Hasdrubal commandeerde den linkervleugel, Maharbal
den rechter; Hannibal zelf voerde bevel over het
centrum met zijn broer Mago.
De zon, hetzij men hier bij de opstelling rekening
mee gehouden had, hetzij dat het toevallig zo
uitkwam, scheen voor beide partijen zeer gunstig van
opzij, daar de Romeinen met hun gezicht naar het
zuiden stonden en de Carthagers dus naar het
noorden; den wind - de bewoners van die streek
noemden hem Vulturnus - hadden de Romeinen tegen,
waardoor veel stof, dat hun tot in de ogen woei, het
uitzicht voor hen belemmerde.
47 Nadat het
krijgsgeschreeuw was aangeheven, stormden de
hulptroepen naar voren en vond er eerst een gevecht
plaats tussen de lichtgewapenden. Vervolgens kreeg
de linkervleugel van Gallische en Spaanse ruiters
contact met den Romeinsen rechtervleugel, maar het
leek niet op een normalen strijd van cavalerie: men
moest immers recht op elkaar instormen, omdat
enerzijds de rivier, anderzijds de infanterie hen zo
insloot, dat er geen ruimte overbleef voor
flankbewegingen. Terwijl zij nu van weerskanten
vooruit trachtten te stoten, waarbij de paarden
tenslotte in een verward gedrang tot stilstand
kwamen, probeerden de ruiters elkaar uit het zadel
te trekken. Zodoende was het reeds grotendeels een
strijd te voet geworden, toen de Romeinen, na een
meer heftig dan hardnekkig gevecht, zich verslagen
voelden en op de vlucht gingen.
Tegen het eind van dit contact der cavalerie raakte
de infanterie slaags; aanvankelijk ging de strijd in
kracht en moed gelijk op, zolang de Galliërs en
Spanjaarden zich in hun gelid handhaafden; eindelijk
drukten de Romeinen - na langen tijd verscheidene
pogingen gedaan te hebben - met een dichte
aanvalscolonne van terzijde het centrum van den
vijand in; dit was spaarzaam bezet en daardoor niet
sterk genoeg, terwijl het wigvormig voor de rest van
Hannibal's linie uitstak. Toen het nu werd ingedrukt
en de soldaten verward achteruitweken, lieten de
Romeinen hen niet los en in éne vaart
doorbraken zij de formatie van hun tegenstanders,
die reeds ontzet vluchtten, en kwamen eerst midden
in de vijandelijke linie terecht en tenslotte,
zonder dat iemand weerstand bood, bij de Afrikanen;
dezen stonden opgesteld in twee vleugels en wel zo,
dat zij een reserve vormden voor de ver naar voren
geschoven Galliërs en Spanjaarden.
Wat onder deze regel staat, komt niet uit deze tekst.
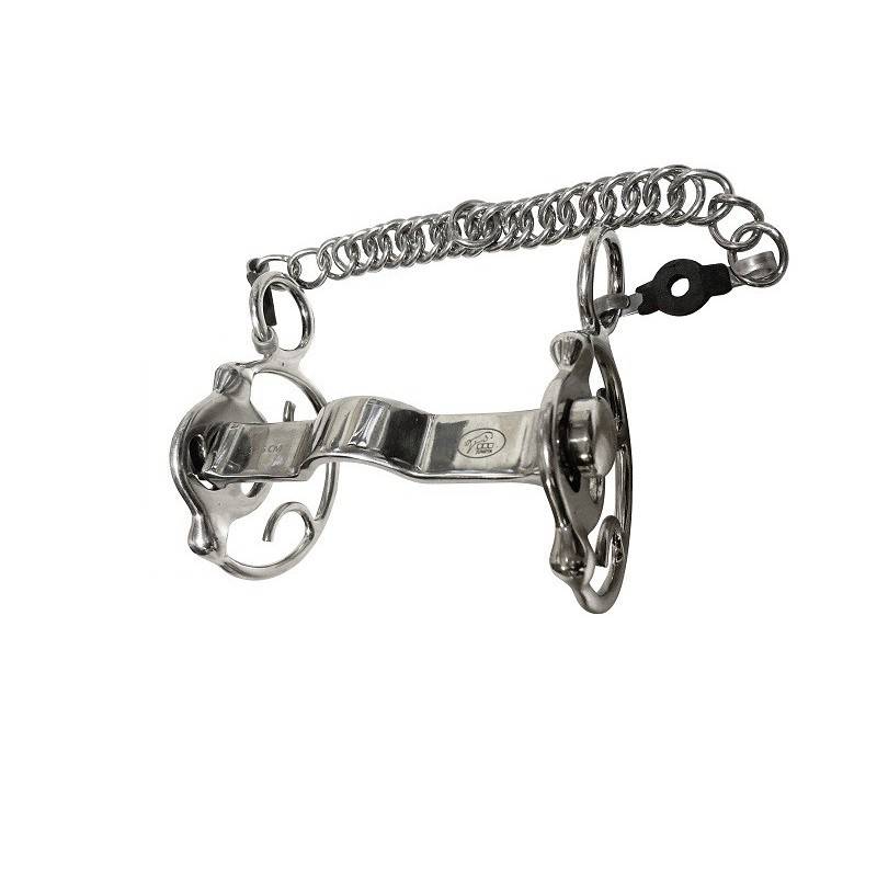 Le Mors Goyo Aga plat canon inclinable est une embouchure unique en son genre, conçue spécialement par Jump'In pour répondre aux besoins particuliers des chevaux qui nécessitent une prise de contact précise et confortable. Avec ses anneaux de 70 mm et son canon large de 30 mm en Inox, ce mors offre un effet abaisseur ajustable en fonction de la position de la rêne sur l'anneau et le serrage de la gourmette.

Zodra dus de
wigvormige opstelling van de laatstgenoemden, onder
den vijandelijken druk, eerst gelijk kwam met de
eigenlijke frontlinie en vervolgens daarin een zak
vormde, waren de Afrikanen als 't ware de wanden van
dien zak geworden en toen de Romeinen zich daar
onberaden instortten, sloten zij ook de opening - in
den rug der aanvallers - af. De Romeinen, die
tevergeefs één strijd hadden geleverd,
lieten daarop de Galliërs en Spanjaarden, wier
achterhoede zij vernietigd hadden, lopen en gingen
een nieuw gevecht aan met de Afrikanen; hierbij
bevonden zij zich in het nadeel, niet alleen omdat
zij vanuit hun ingesloten positie moesten vechten,
maar ook omdat zij, vermoeid als zij waren, verse
troepen tegenover zich hadden.
48 Reeds werd er ook
op den Romeinsen linkervleugel, waar Italiaanse
cavalerie tegenover de Numidiërs stond,
gestreden; het gevecht dat zich eerst traag
ontwikkelde, was daar pas goed begonnen met een
bedrieglijke list der Carthagers. Ongeveer
vijfhonderd Numidiërs, die behalve hun gewone
schilden en speren ook nog zwaarden hadden, die zij
onder hun kolders verborgen hielden, reden,
schijnbaar als overlopers met het schild op den rug,
bij hun eigen troep vandaan; naderbij gekomen
sprongen zij plotseling van hun paard en wierpen
schild en speer voor de voeten der vijanden neer; zo
nam men hen in de linie op, voerde hen naar achteren
en beval hun daar te gaan zitten. En zolang er nog
slechts losse charges gehouden werden, bleven zij
rustig; maar toen de eigenlijke strijd aller
aandacht in beslag nam, grepen zij de schilden die
overal tussen de stapels lijken lagen en vielen de
Romeinen in den rug aan; door van achteren op hen in
te houwen en hun de kniepezen door te snijden
richtten zij een ontzaglijke slachting aan en
verwekten een nog vrij wat grotere paniek.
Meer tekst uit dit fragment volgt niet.